Fixed income investors looking for bonds with credit profiles comparable to Treasuries with the potential for added upside into year-end and beyond may want to examine mortgage-backed securities (MBS).
That task is made easier with ETFs such as the WisdomTree Mortgage Plus Bond Fund (MTGP ). This ETF hit a 52-week high on Monday, extending its year-to-date gain to nearly 4%. That’s slightly better than what investors have earned with some of the largest passive aggregate bond ETFs. The Federal Reserve may cut interest rates this month. So MTGP could be all the more alluring to bond investors.
Following a disappointing August jobs report, the central bank likely has no choice but to trim borrowing costs. That’s material to the mortgage market and ETFs such as MTGP. That’s because if the Fed displays an unwillingness to lower interest rates, investor demand for agency mortgages — plenty of which reside in MTGP’s portfolio — would be dampened.
MTGP Ready to Shine
Assuming the Fed delivers expected rate reductions, the already-solid case for MTGP would be fortified. That is to say the ETF offers investors other compelling attributes, including value.

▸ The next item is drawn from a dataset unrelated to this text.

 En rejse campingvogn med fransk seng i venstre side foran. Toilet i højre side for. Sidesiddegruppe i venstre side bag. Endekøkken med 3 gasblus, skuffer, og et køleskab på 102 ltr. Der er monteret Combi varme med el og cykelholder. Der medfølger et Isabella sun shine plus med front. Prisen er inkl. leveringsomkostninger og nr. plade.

“And that relative value really does matter. Investors are looking for places to earn yield without taking on too much credit risk. Mortgages, particularly agency mortgages with government guarantee there, they offer that balance,” noted James Egan, co-head of securitized products research at Morgan Stanley.

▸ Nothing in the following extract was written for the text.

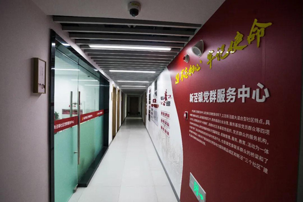 新涇鎮公共服務綜合樓位于哈密路1358號,東靠西郊金融園,西臨中新涇公園,大樓占地面積近4000平方米,建筑面積上萬平方米。上下7層的空間布局了藝術展館、社區學校、圖書館、百姓健身房、教育培訓、社區創新屋等許多居民喜愛的公共活動空間近20個,365天全年開放,每天8:30~17:00為居民提供文化藝術展覽、教育培訓、體育健身、黨服聯絡及其他公共服務。

One way to look at the importance of rate cuts as they pertain to MBS and ETFs like MTGP is that such moves by the Fed provide something important and something coveted by investors: clarity.
“With more clarity on Fed policy, banks in particular may get more comfortable adding mortgages to their balance [sheets. Although,] the exact timing depends on regulatory developments,” added Egan.
Another reason Fed action could be additive to the MTGP thesis is the elimination of volatility. Said another way, market participants attempting to game Fed moves can contribute to rate volatility. But when the central bank makes its intentions clear, that turbulence is often quelled. Should that scenario play out this month, it could be to the benefit of MTGP.
Significant Volatility Drop
“If you’re buying mortgages, you’re inherently short rate [volatility. And] volatility has come down meaningfully since last year, even if it’s still above pre-COVID norms. Lower volatility supported for mortgage valuations, especially when paired with a Fed that’s cutting rates steadily,” observed Egan.